Guy Claxton gave a truly thoughtful keynote. Creative-Mindedness: When Technology Helps and When It Hinders. He pointed out that formal education as it’s currently instituted systematically destroys the creative habits of mind. In response to a question on how precisely it does this, he referred to his chart of those habits. For example, one creative habit is inquisitiveness, which is damaged by the focus in structured curricula on requiring students to study questions they have not asked. Another is creative stamina & resilience (exemplified by Einstein, who said that it was not so much that he was especially clever, but more that he stayed with problems for longer). This is damaged by the scheduling of classes that require every problem to be solved in an hour.

The papers continued through the next few days – but there were also a  lot of excellent posters. Apparently as there was only a single track for papers, the organisers could not accept some submissions that were actually very good, so those people were encouraged to resubmit as posters. Which meant that the quality of work in the posters was pretty impressive.

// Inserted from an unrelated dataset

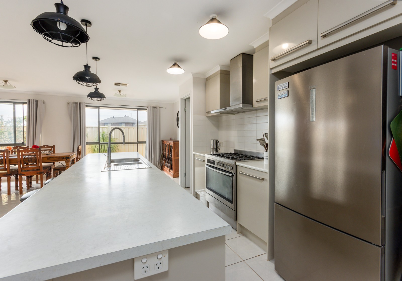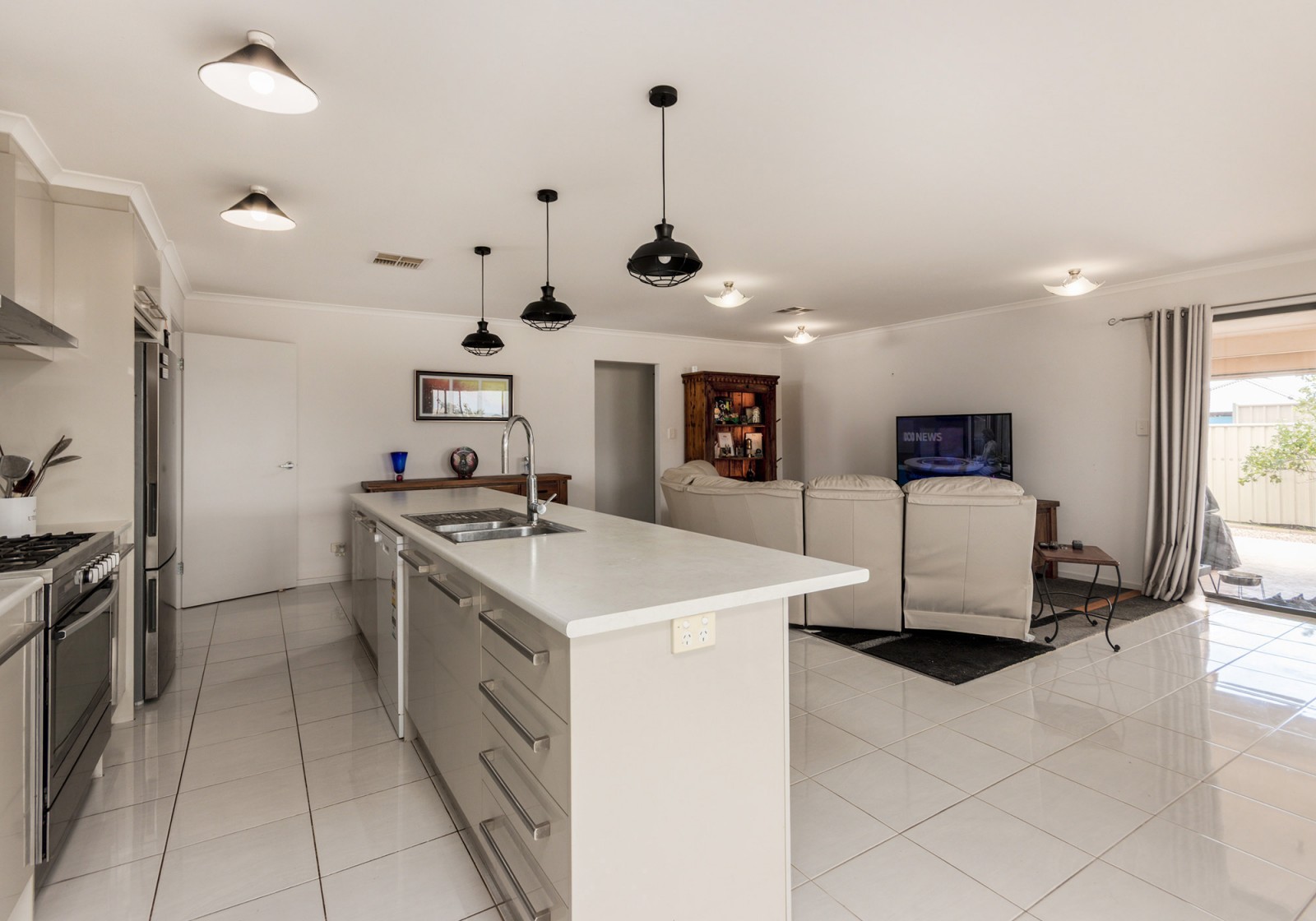 - A modern kitchen with a large gas cooktop, dishwasher, and walk-in pantry, seamlessly flowing into a large open-plan living and dining zone – ideal for everyday living and special occasions alike.
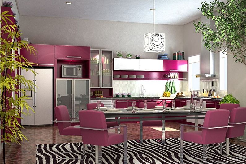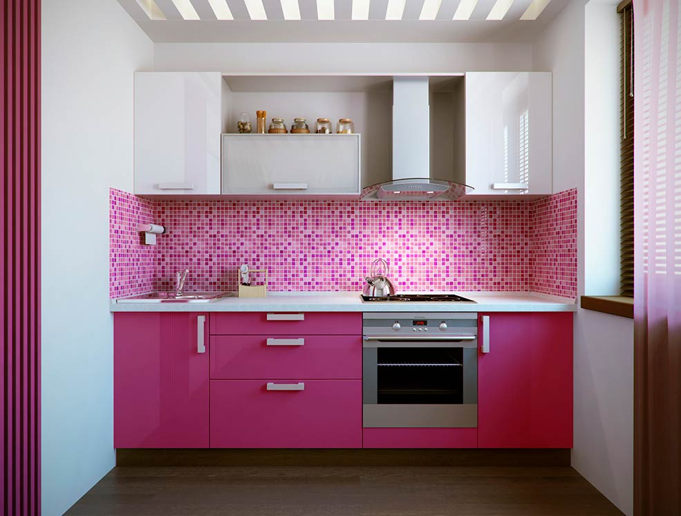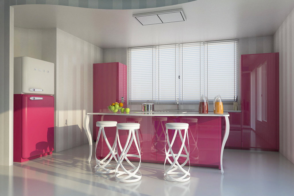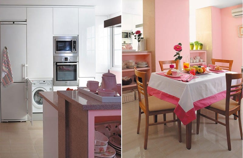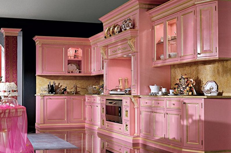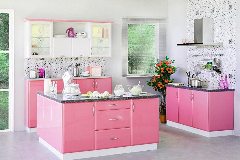Couleur rose à l'intérieur de la cuisine - avantages et inconvénients

Of course, it’s Creativity and Cognition so there was also room for art – my favourite works were Matt Ruby’s Sympathy for Pacman and Jack Stenner & Patrick LeMieux’s Open House: Interaction as Critical Reflection. To top it off, the conference was held at Atlanta’s High Museum of Art, and we were permitted an after-hours tour. As well as some tragically unmoving Calder mobiles (which really don’t belong in temperature controlled rooms), there on a wall was perhaps my favourite artwork of all time: Duchamp’s L.H.O.O.Q. Shaved. Yes, you have to know the story for this one to work properly.

So finally: a few people asked for my slides, so after the break I’ll embed a Quicktime movie of them. Thank you everyone at C&C 2011, and especially the erstwhile organisers for providing such a great atmosphere for collaboration and creativity.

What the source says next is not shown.